#### Material for this task
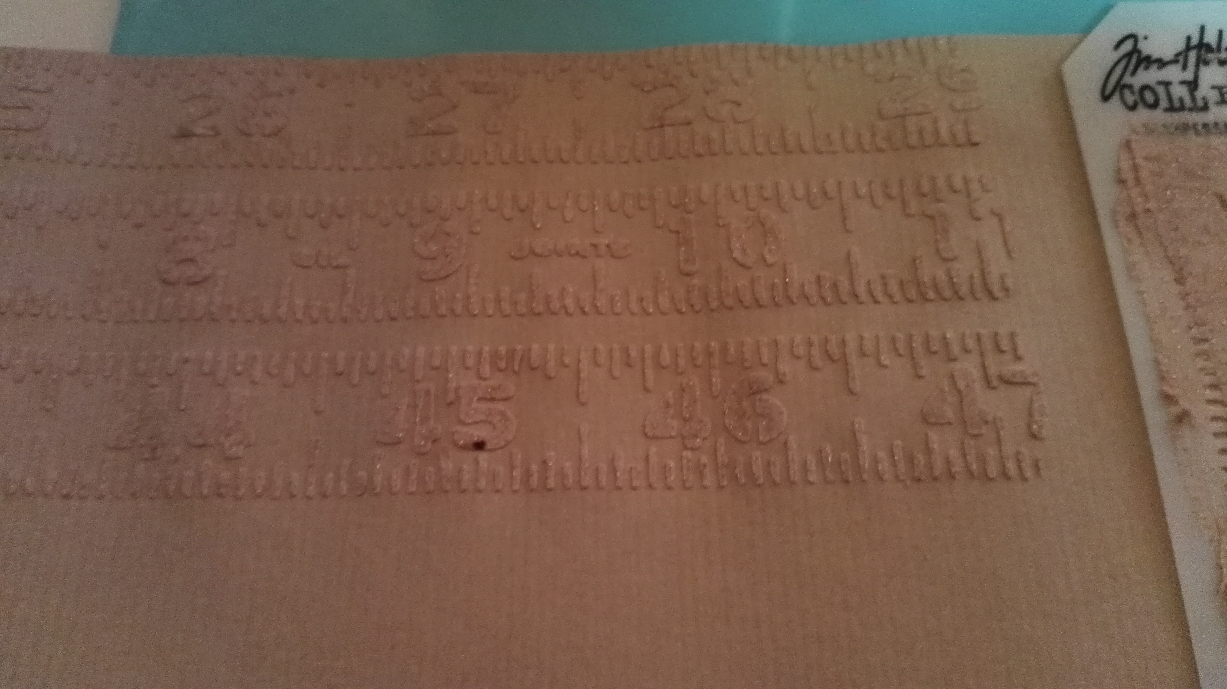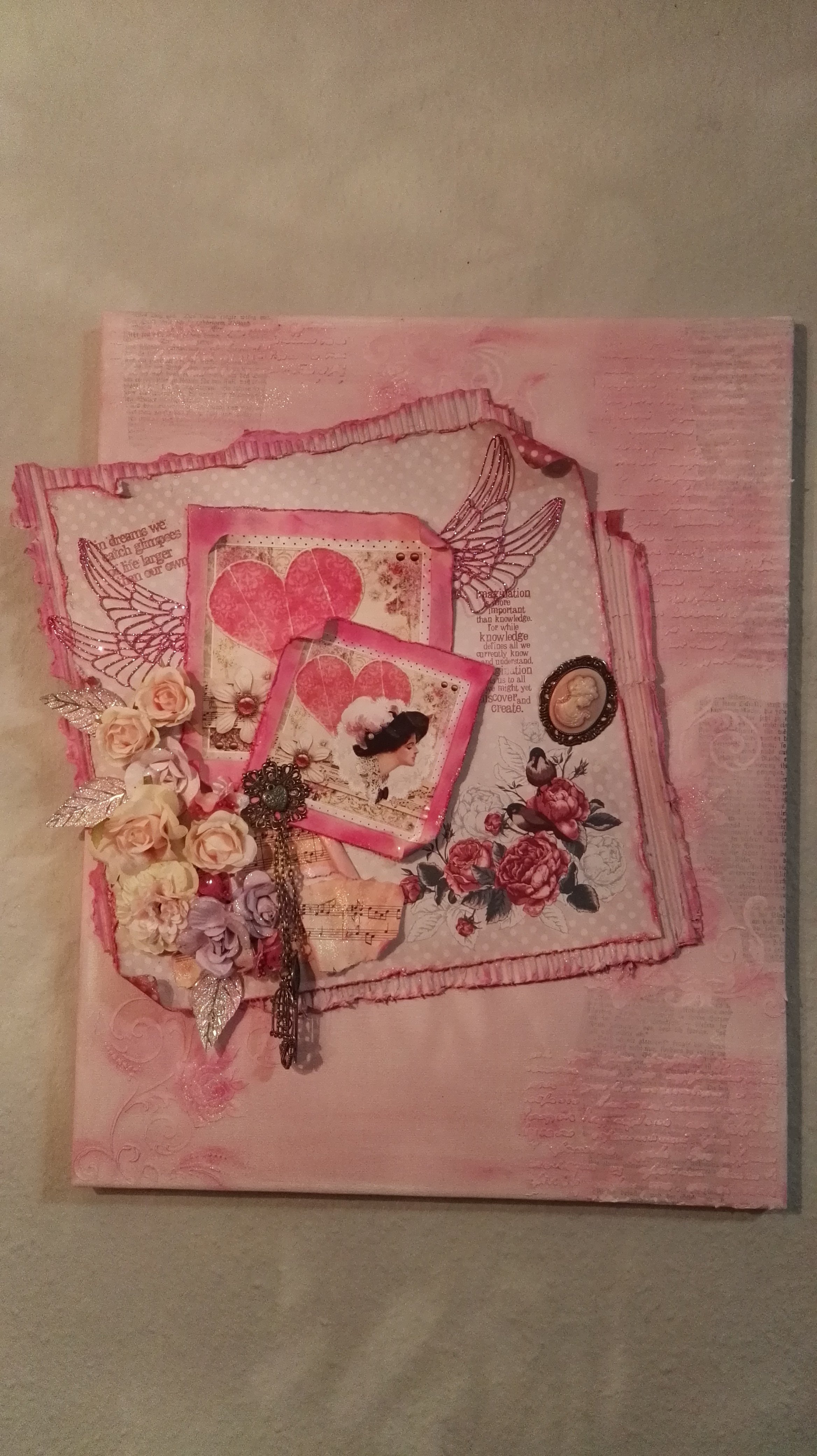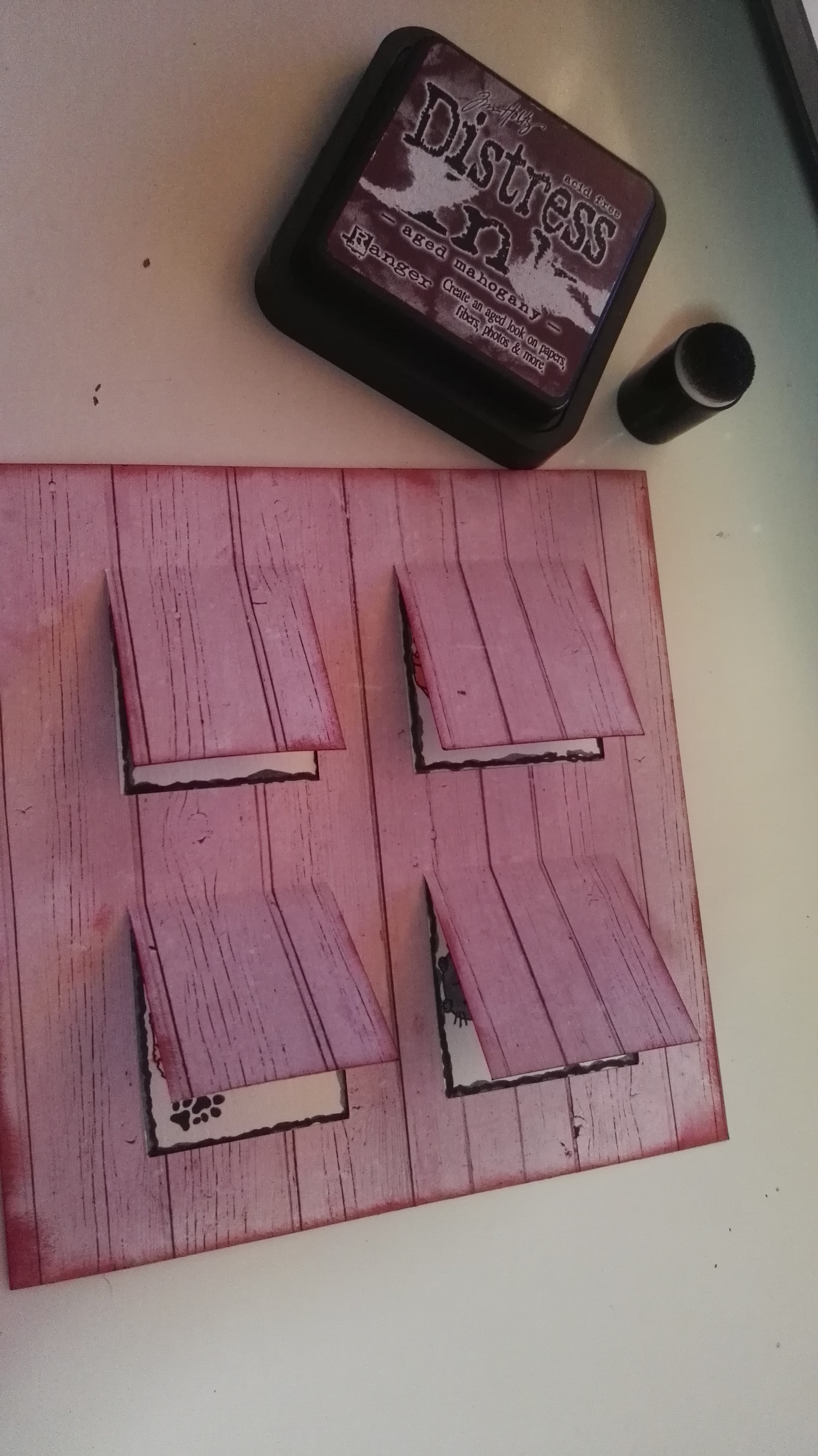 Der eigentliche Layer besteht aus einem 30 x 30 cm Papier, welches ich mit einem Distresser aufgerissen habe. Unter diesem habe ich Wellpappe, welche ebenfalls eingerissen wurde, festgeklebt. Die Farbe der Leinwand findet sich auch auf der Wellpappe wieder. Ebenfalls die Stempelfarbe, die ich am Rand mit einem Schwämmchen aufgetragen habe.
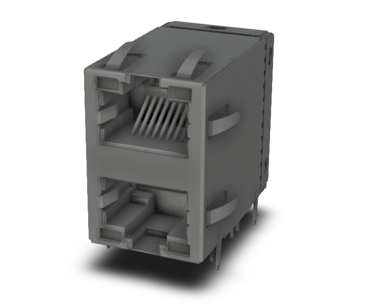Connector RJ45, Modular Jack with Giga magnetics, colour Black, configuration 1×2, Shield with EMI Fingers, Leds Green / Yellow, 30 uinch Gold plating
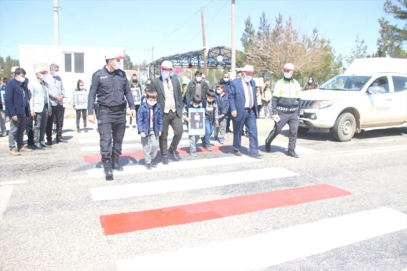 Anamur Kaymakamı Aydın Memük ve katılımcılar okul önünde yaya geçidindeki orta çizgiyi kırmızıya boyadı.
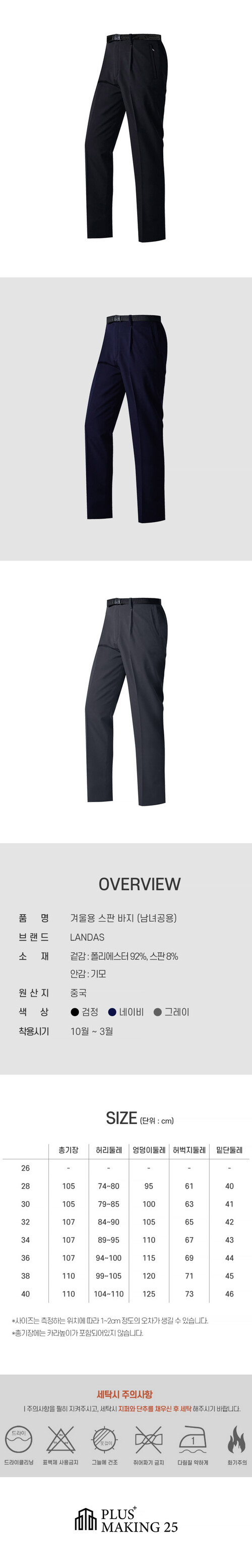 기모 스판바지-네이비
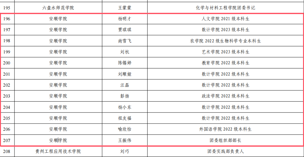 近日,中共贵州省委宣传部等部门联合印发《关于公布2024年贵州省大学生暑期文化科技卫生“三下乡”社会实践活动评审结果的通报》,安顺学院青年积极投身实践,表现突出,荣获优秀实践单位4个、优秀实践团队12个、优秀个人12名。
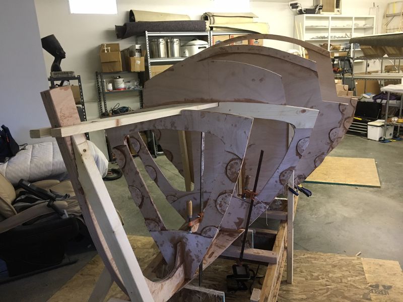 Howard and Phil are making famous progress with Phils boat, and Phil has been kind enough to send me some pics. This is toward the end of week one of the build, two guys working pretty much full time though, but its impressive all the same. I’m doing several hours each day trying to stay ahead with the drawings.
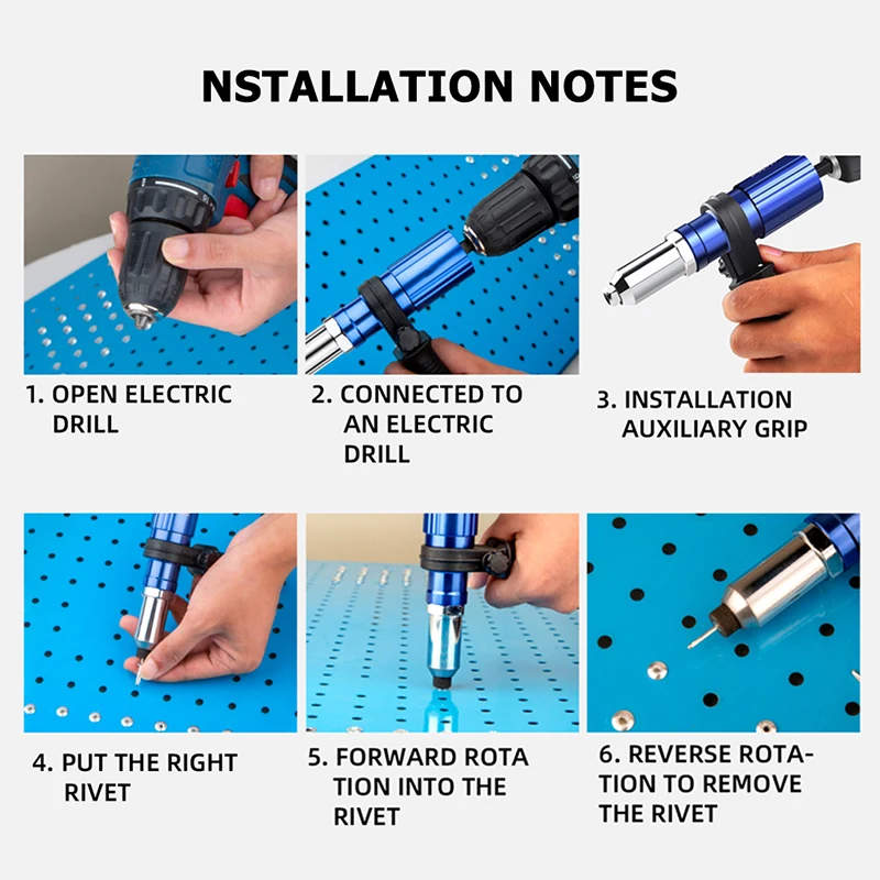 Прямая поставка:1. Посылка не включает счета-фактуры или рекламные счета.2. Мы можем отправить партиями, и различные каналы логистики могут быть выбраны.3. Мы не имеем минимального количества заказа.4. Быстрая доставка, обычно в течение 24-48 часов.5. Предоставьте VIP ссылку, чтобы получить VIP цену.Описание товараМесто использования: Деревообработка, нержавеющая сталь, трубаИсточник питания: используется с электрической дрельюМаксимальная скорость: 1000 об/минМинимальная сила крутящего момента: 15 Н. ММатериал: углеродистая сталь и пластикЦвет: синий, черный, серебристыйПолная длина: около 172 ммИнструкции по использованию1. Отрегулируйте электрическую дрель на соответствующую шестерню2. Откройте патрон электрической дрели, вставьте адаптер и поверните зажим вперед3. Включите функцию разворота электрической дрели и положите в заклепки соответствующие спецификации, пока не услышите щелчок4. Включите функцию прямого вращения снова, чтобы выровнять отверстия и управлять заклепками5. Включите обратную функцию снова и выходите из заклепкиПримечаниеПри использовании адаптера с заклепками необходимо держать переднюю ручку для правильной работы.Упаковка продукта:1 * клепальный адаптер1 * вспомогательная ручка4 головки с заклепками1 * мини ключ
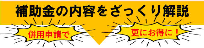 | 補助金最大額 | 一戸当たり200万円 | 40万円~60万円 | 6万~16万円 |
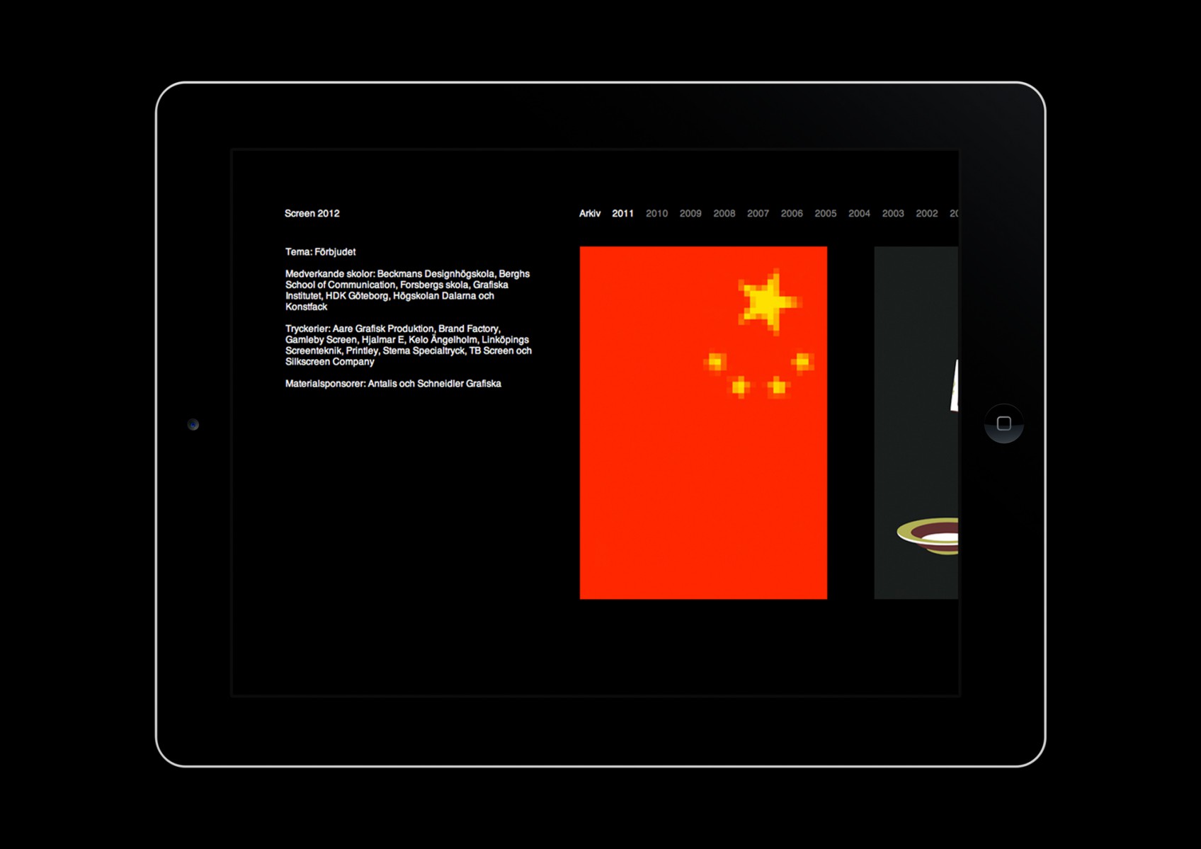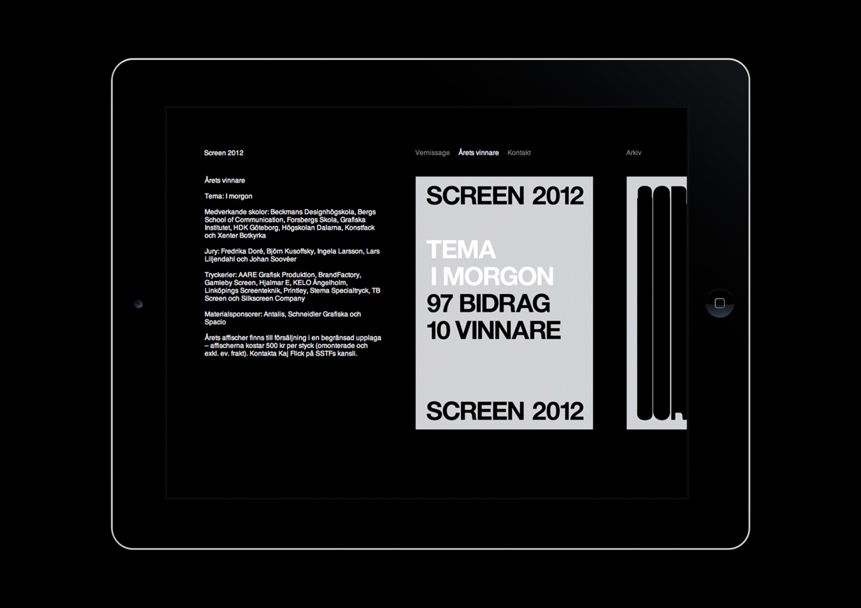Hemsidan till Svenska Screen- & Specialtryckares Förenings årliga affischtävling för landets ledande reklam- och designskolor, Screen 2012.
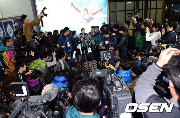 13일(한국시간) '피겨여왕' 김연아, 김해진, 박소연이 러시아 소치 아들레르 공항에 도착, 입국장을 나서며 취재진과 인터뷰를 하고 있다.
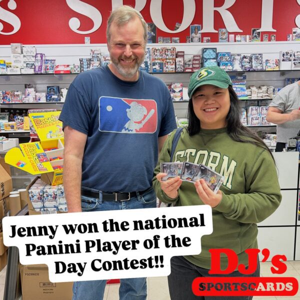 Jenny was selected the Grand Prize Winner of the National WNBA Player of the Day Contest! She was selected from over 100,000 entries across 500 hobby shops! We were super excited to present her with these awesome prizes from Panini! Congrats again Jenny!
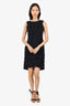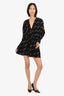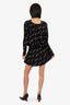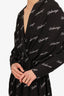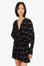 Balenciaga Black/White Logo V-Neck Long Sleeve Mini Dress Size 36
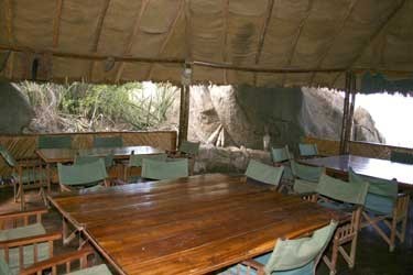 Las instalaciones principales constan de un pintoresco salón comedor circular al aire libre y un salón-biblioteca. Hay un gran hoyo circular que se utiliza para hacer una fogata, alrededor de la cual hay tumbonas, un lugar excelente para tomar una copa y compartir con los demás huéspedes las experiencias de safari vividas. Es esta una actividad muy sencilla pero muy reconfortante, los grandes lodges no suelen ofrecerla.
########
» What is expected: Copy all of the records verbatim, omitting the pictures.

» Solution:
 Der eigentliche Layer besteht aus einem 30 x 30 cm Papier, welches ich mit einem Distresser aufgerissen habe. Unter diesem habe ich Wellpappe, welche ebenfalls eingerissen wurde, festgeklebt. Die Farbe der Leinwand findet sich auch auf der Wellpappe wieder. Ebenfalls die Stempelfarbe, die ich am Rand mit einem Schwämmchen aufgetragen habe.
Connector RJ45, Modular Jack with Giga magnetics, colour Black, configuration 1×2, Shield with EMI Fingers, Leds Green / Yellow, 30 uinch Gold plating
 Anamur Kaymakamı Aydın Memük ve katılımcılar okul önünde yaya geçidindeki orta çizgiyi kırmızıya boyadı.
 기모 스판바지-네이비
 近日,中共贵州省委宣传部等部门联合印发《关于公布2024年贵州省大学生暑期文化科技卫生“三下乡”社会实践活动评审结果的通报》,安顺学院青年积极投身实践,表现突出,荣获优秀实践单位4个、优秀实践团队12个、优秀个人12名。
 Howard and Phil are making famous progress with Phils boat, and Phil has been kind enough to send me some pics. This is toward the end of week one of the build, two guys working pretty much full time though, but its impressive all the same. I’m doing several hours each day trying to stay ahead with the drawings.
 Прямая поставка:1. Посылка не включает счета-фактуры или рекламные счета.2. Мы можем отправить партиями, и различные каналы логистики могут быть выбраны.3. Мы не имеем минимального количества заказа.4. Быстрая доставка, обычно в течение 24-48 часов.5. Предоставьте VIP ссылку, чтобы получить VIP цену.Описание товараМесто использования: Деревообработка, нержавеющая сталь, трубаИсточник питания: используется с электрической дрельюМаксимальная скорость: 1000 об/минМинимальная сила крутящего момента: 15 Н. ММатериал: углеродистая сталь и пластикЦвет: синий, черный, серебристыйПолная длина: около 172 ммИнструкции по использованию1. Отрегулируйте электрическую дрель на соответствующую шестерню2. Откройте патрон электрической дрели, вставьте адаптер и поверните зажим вперед3. Включите функцию разворота электрической дрели и положите в заклепки соответствующие спецификации, пока не услышите щелчок4. Включите функцию прямого вращения снова, чтобы выровнять отверстия и управлять заклепками5. Включите обратную функцию снова и выходите из заклепкиПримечаниеПри использовании адаптера с заклепками необходимо держать переднюю ручку для правильной работы.Упаковка продукта:1 * клепальный адаптер1 * вспомогательная ручка4 головки с заклепками1 * мини ключ
 | 補助金最大額 | 一戸当たり200万円 | 40万円~60万円 | 6万~16万円 |
Hemsidan till Svenska Screen- & Specialtryckares Förenings årliga affischtävling för landets ledande reklam- och designskolor, Screen 2012.
 13일(한국시간) '피겨여왕' 김연아, 김해진, 박소연이 러시아 소치 아들레르 공항에 도착, 입국장을 나서며 취재진과 인터뷰를 하고 있다.
 Jenny was selected the Grand Prize Winner of the National WNBA Player of the Day Contest! She was selected from over 100,000 entries across 500 hobby shops! We were super excited to present her with these awesome prizes from Panini! Congrats again Jenny!
 Balenciaga Black/White Logo V-Neck Long Sleeve Mini Dress Size 36
 Las instalaciones principales constan de un pintoresco salón comedor circular al aire libre y un salón-biblioteca. Hay un gran hoyo circular que se utiliza para hacer una fogata, alrededor de la cual hay tumbonas, un lugar excelente para tomar una copa y compartir con los demás huéspedes las experiencias de safari vividas. Es esta una actividad muy sencilla pero muy reconfortante, los grandes lodges no suelen ofrecerla.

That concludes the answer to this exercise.